* [WORK ORDER]: A picture-free, exact reproduction of the listing that follows is required.

* [SOURCE MATERIAL]:
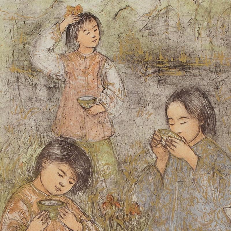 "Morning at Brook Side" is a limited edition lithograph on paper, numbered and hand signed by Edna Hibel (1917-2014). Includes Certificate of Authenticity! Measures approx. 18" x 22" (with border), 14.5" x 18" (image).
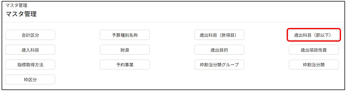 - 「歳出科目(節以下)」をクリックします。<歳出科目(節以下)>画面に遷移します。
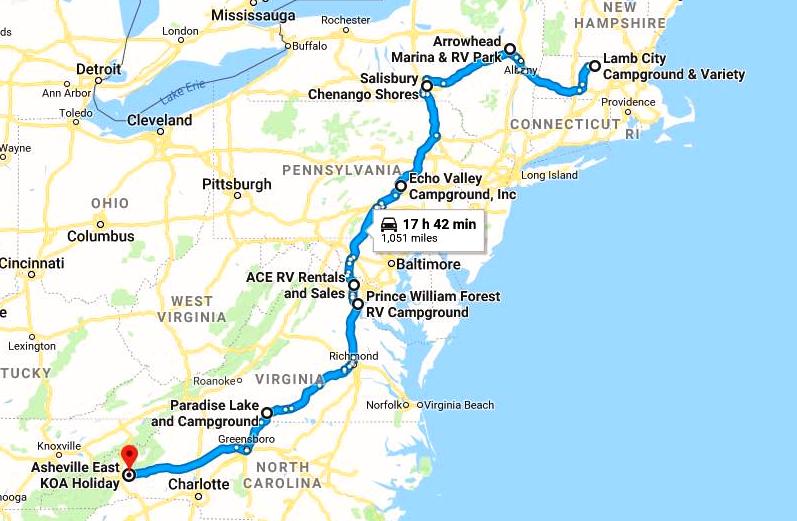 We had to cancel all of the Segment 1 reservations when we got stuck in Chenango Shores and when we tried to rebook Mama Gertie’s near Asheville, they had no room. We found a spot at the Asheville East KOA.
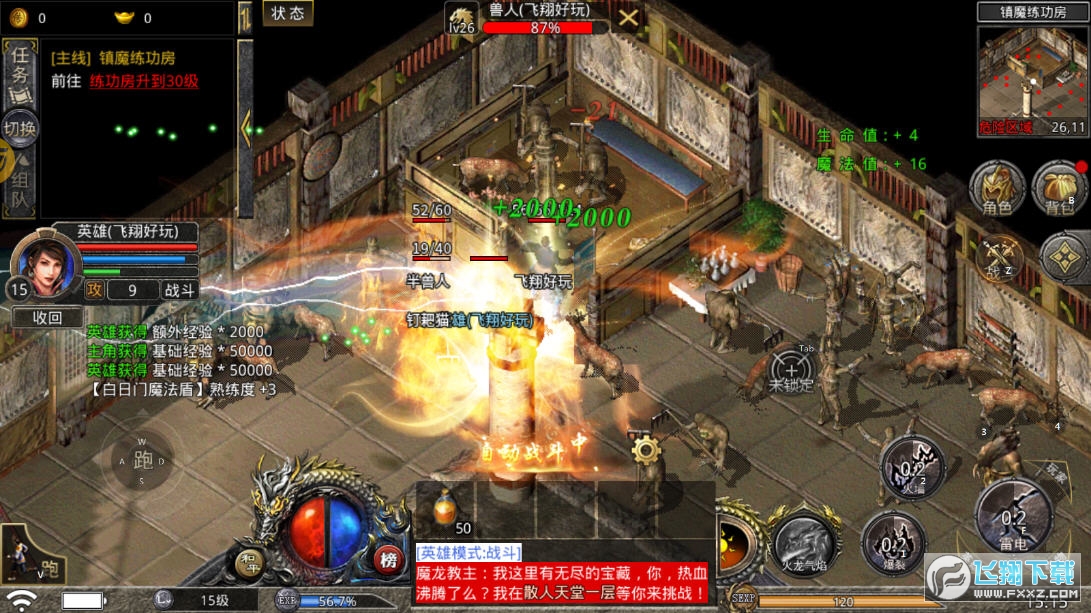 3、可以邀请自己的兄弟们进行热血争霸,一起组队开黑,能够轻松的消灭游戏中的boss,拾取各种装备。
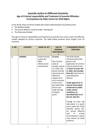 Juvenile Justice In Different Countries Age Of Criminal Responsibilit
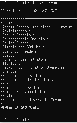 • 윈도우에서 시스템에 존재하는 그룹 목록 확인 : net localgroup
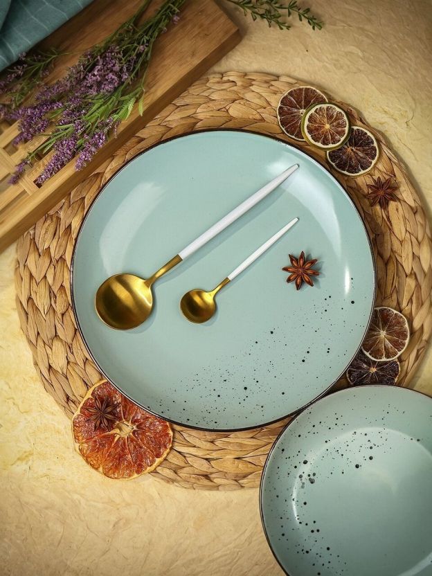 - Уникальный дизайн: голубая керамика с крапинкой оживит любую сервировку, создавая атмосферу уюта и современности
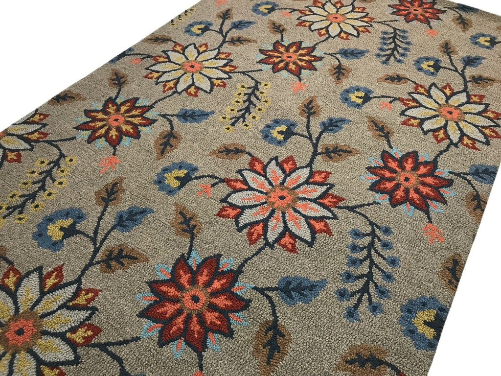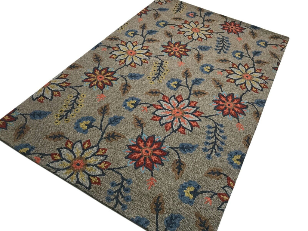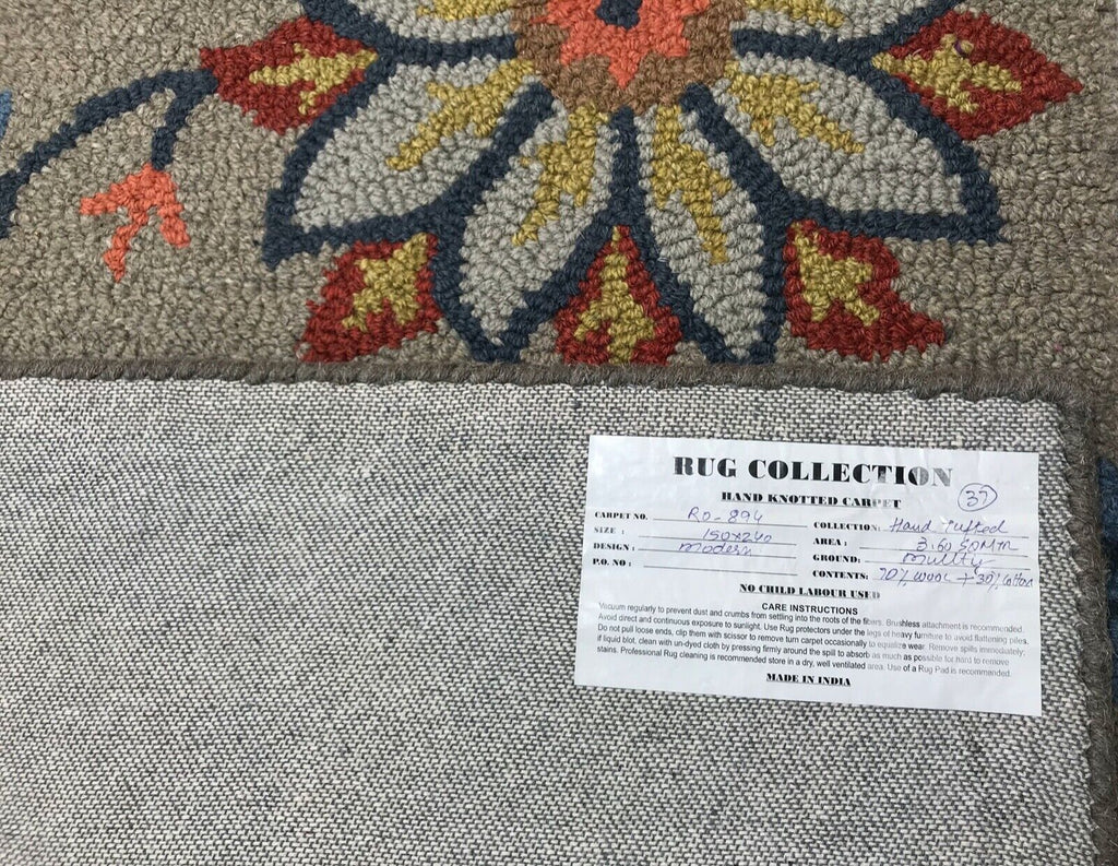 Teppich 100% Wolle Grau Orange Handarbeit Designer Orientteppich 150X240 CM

* [ANSWER]:
 "Morning at Brook Side" is a limited edition lithograph on paper, numbered and hand signed by Edna Hibel (1917-2014). Includes Certificate of Authenticity! Measures approx. 18" x 22" (with border), 14.5" x 18" (image).
 - 「歳出科目(節以下)」をクリックします。<歳出科目(節以下)>画面に遷移します。
 We had to cancel all of the Segment 1 reservations when we got stuck in Chenango Shores and when we tried to rebook Mama Gertie’s near Asheville, they had no room. We found a spot at the Asheville East KOA.
 3、可以邀请自己的兄弟们进行热血争霸,一起组队开黑,能够轻松的消灭游戏中的boss,拾取各种装备。
 Juvenile Justice In Different Countries Age Of Criminal Responsibilit
 • 윈도우에서 시스템에 존재하는 그룹 목록 확인 : net localgroup
 - Уникальный дизайн: голубая керамика с крапинкой оживит любую сервировку, создавая атмосферу уюта и современности
 Teppich 100% Wolle Grau Orange Handarbeit Designer Orientteppich 150X240 CM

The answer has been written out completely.